An index (plural: indices) is the power, or exponent, of a number. For example, \( a^3 \) has an index of 3.

A surd is an irrational number that can be expressed with roots, such as \( \sqrt{2} \) or \( \sqrt[5]{19} \).

Technique

The manipulation of indices and surds can be a powerful tool for evaluating and simplifying expressions.

Let's start with some basic rules for operations with indices:

\[ \begin{align} x^m \times x^n &= x^{m+n} \\
\frac{x^m}{x^n} &= x^{m-n} \\
x^{-n} &= \frac{1}{x^n} \\
(x^m)^n &= x^{mn} \\
(xy)^{n} &= x^n y^n \\
\left(\frac{x}{y}\right)^m &= \frac{x^m}{y^m} \end{align} \]

Surds are just numbers with fractional indices, e.g. \( \sqrt[3]{7^2} = 7^{2/3} \). Any operation with indices can be applied to surds, and indices and surds are related through this rule:

\[ x^{m/n} = \sqrt[n]{x^m} \]

This allows us to group numbers together into forms that can be more convenient.
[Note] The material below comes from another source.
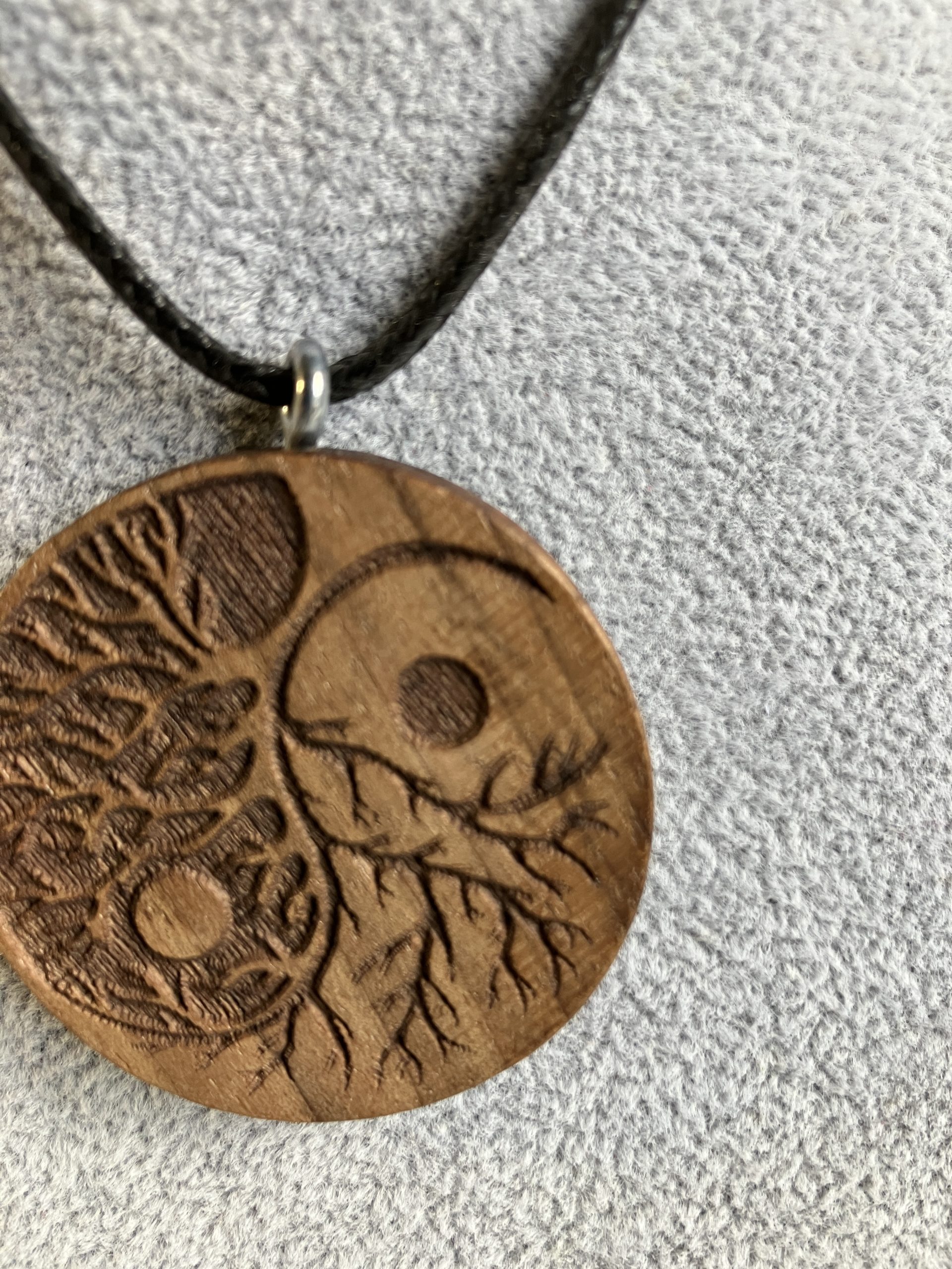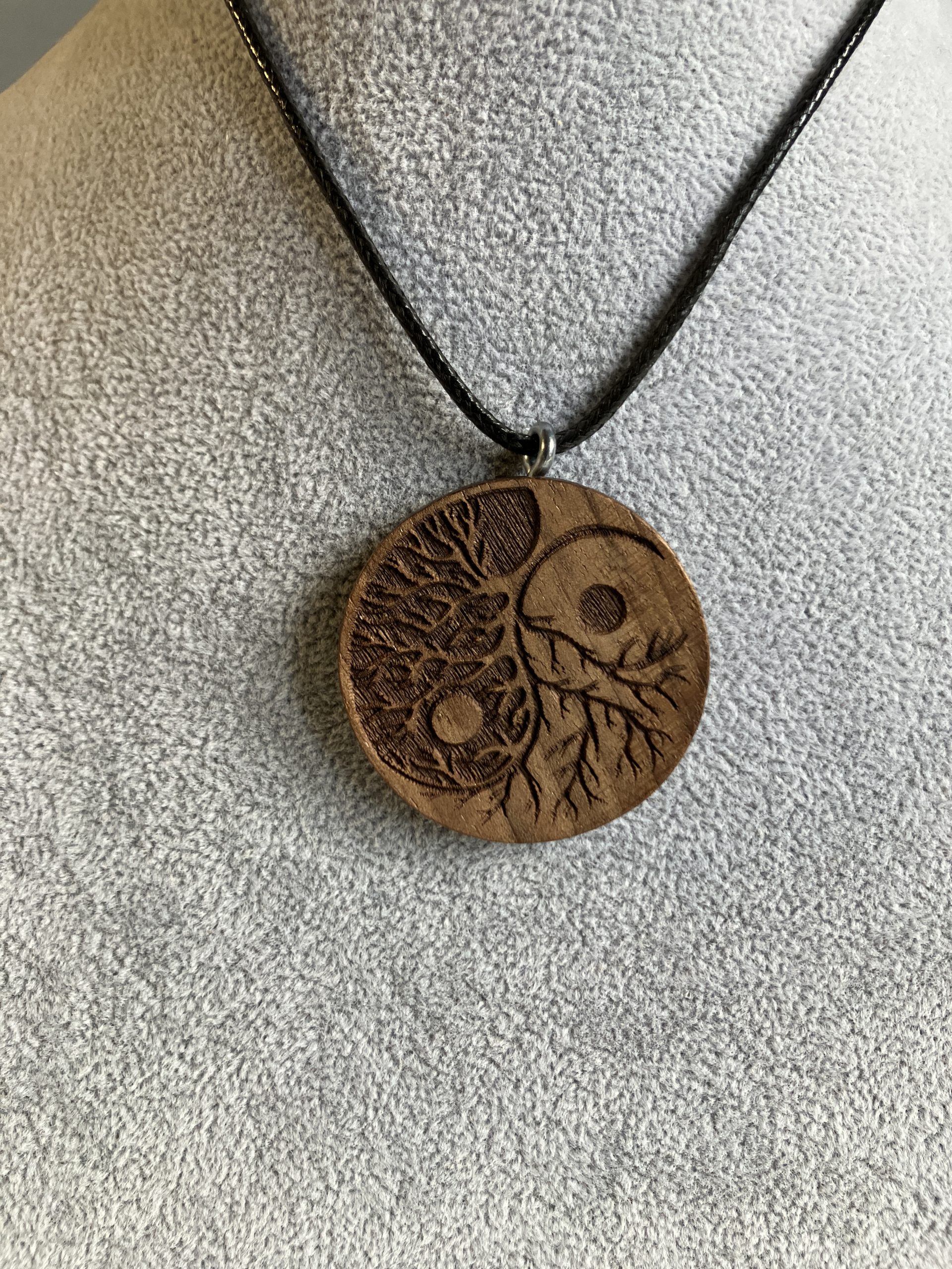 Collana artigianale in legno di noce con incisione laser e finitura a mano. Design Yin e Yang con alberi, diametro 40 mm. Elegante e perfetta per uno stile naturale.

Here are a couple examples:

Simplify: \( 2^5 \times 4^3 \)

\[ \begin{align} 2^5 \times 4^3 &= 2^5 \times (2^2)^3 \\ &= 2^5 \times 2^6 \\ &= 2^{11} \end{align} _\square \]

 

Simplify: \(\displaystyle \frac{(a^2)^4 b^7}{ab^{-2}} \)

\[ \begin{align} \frac{(a^2)^4 b^7}{ab^{-2}} &= \frac{a^8 b^7}{ab^{-2}} \\ &= \frac{a^7 b^7}{b^{-2}} \\ &= a^7 b^9 \end{align} _\square \]

Sometimes surds will appear in the dominator of an expression. You can rationalize the denominator by applying the following technique to a fraction of the form \( \frac{a}{b+\sqrt{c}} \):

\[ \frac{a}{b+\sqrt{c}} \left( \frac{b-\sqrt{c}}{b-\sqrt{c}} \right) = \frac{ab-a\sqrt{c}}{b^2 -c} \] For example:

Simplify: \( \displaystyle \frac{1}{2+\sqrt{5}} \)

\[ \begin{align} \frac{1}{2+\sqrt{5}} &= \frac{1}{2+\sqrt{5}} \left( \frac{2-\sqrt{5}}{2-\sqrt{5}} \right) \\ &= \frac{2-\sqrt{5}}{2^2 -5} \\ &= -2 + \sqrt{5} \end{align} _\square \]

Application and Extensions

If you write the prime factorization of\( \sqrt[5]{32^8}\), what is the sum of indices of the factors?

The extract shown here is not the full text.